The emotional work is an interior technical skill: to listen, despite being flooded. The “communication problems” turns out to be, as often, a nervous-system problem- two persons in a frenzy, each feeling threatened, and each one wants to be understood. Relationship research advice focuses on learning to calm down, to slow down, and to take breaks before the brain has a tantrum and the complaint of the partner can be heard without having to turn into a courtroom. It is not a personality makeover; it is a practice undertaken in a real time, with pressure, where each individual would have preferred to win than remain associated.
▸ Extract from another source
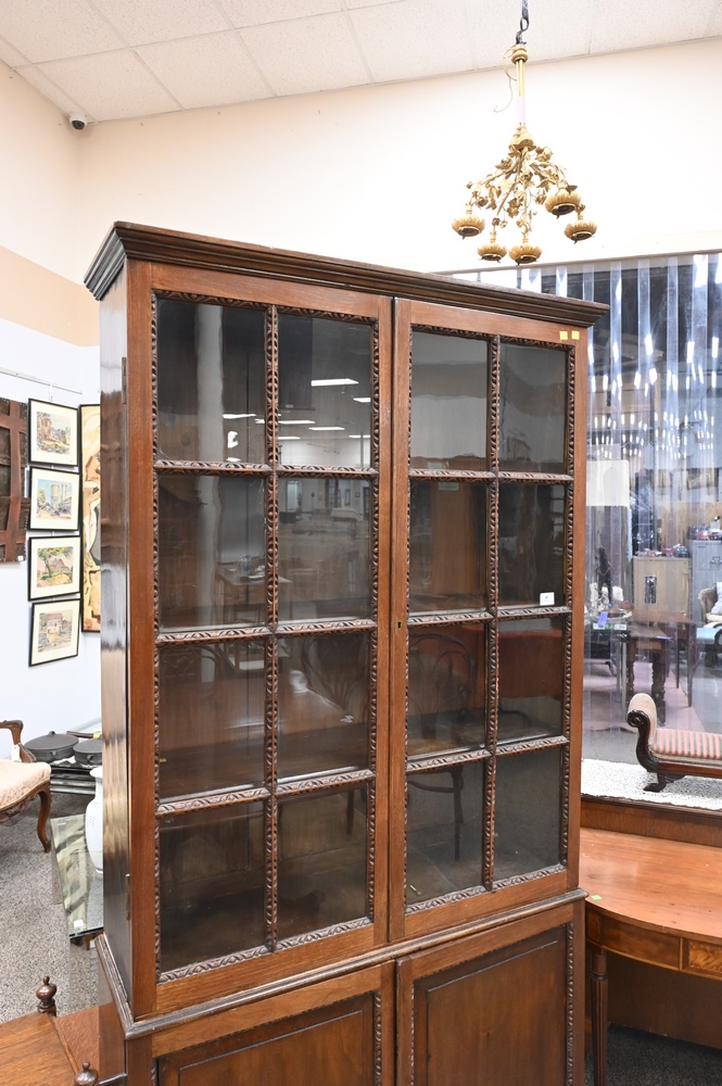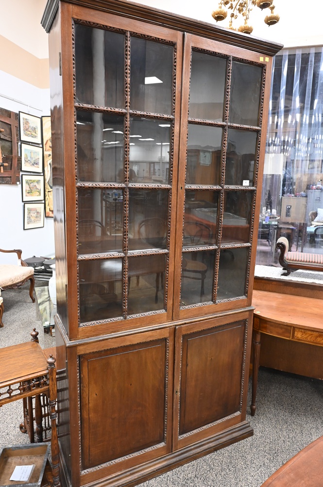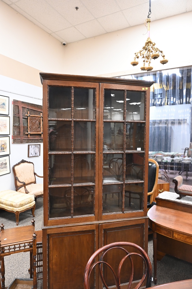 Lot 41: Mahogany Two Part Cabinet, having seven panel glazed doors over two doors, height 80 1/2 inches, width 39 1/2 inches.

At this point, in the household labor, the abstract ideals run against the quantifiable work. Not merely chores, chores carry with them the weight of respect and power and whose attention will be considered the default safety net. Execution is not the only division performed by systems such as Fair Play, which also tries to separate what is referred to as “conception, planning, and execution,” since even remembering appointments, foresight and keeping track of supplies may be more tiring than the actual job performance. It is hardly ever a single load of laundry friction; it is whether one partner becomes the project manager of the other, and what happens when the standards of what is clean, done, or enough are not congruent. In most households, resentment does not come in a loud manner. It is accrued in terms of unclaimed duties, unspoken obligations, and silent record keeping of who must be available when needed.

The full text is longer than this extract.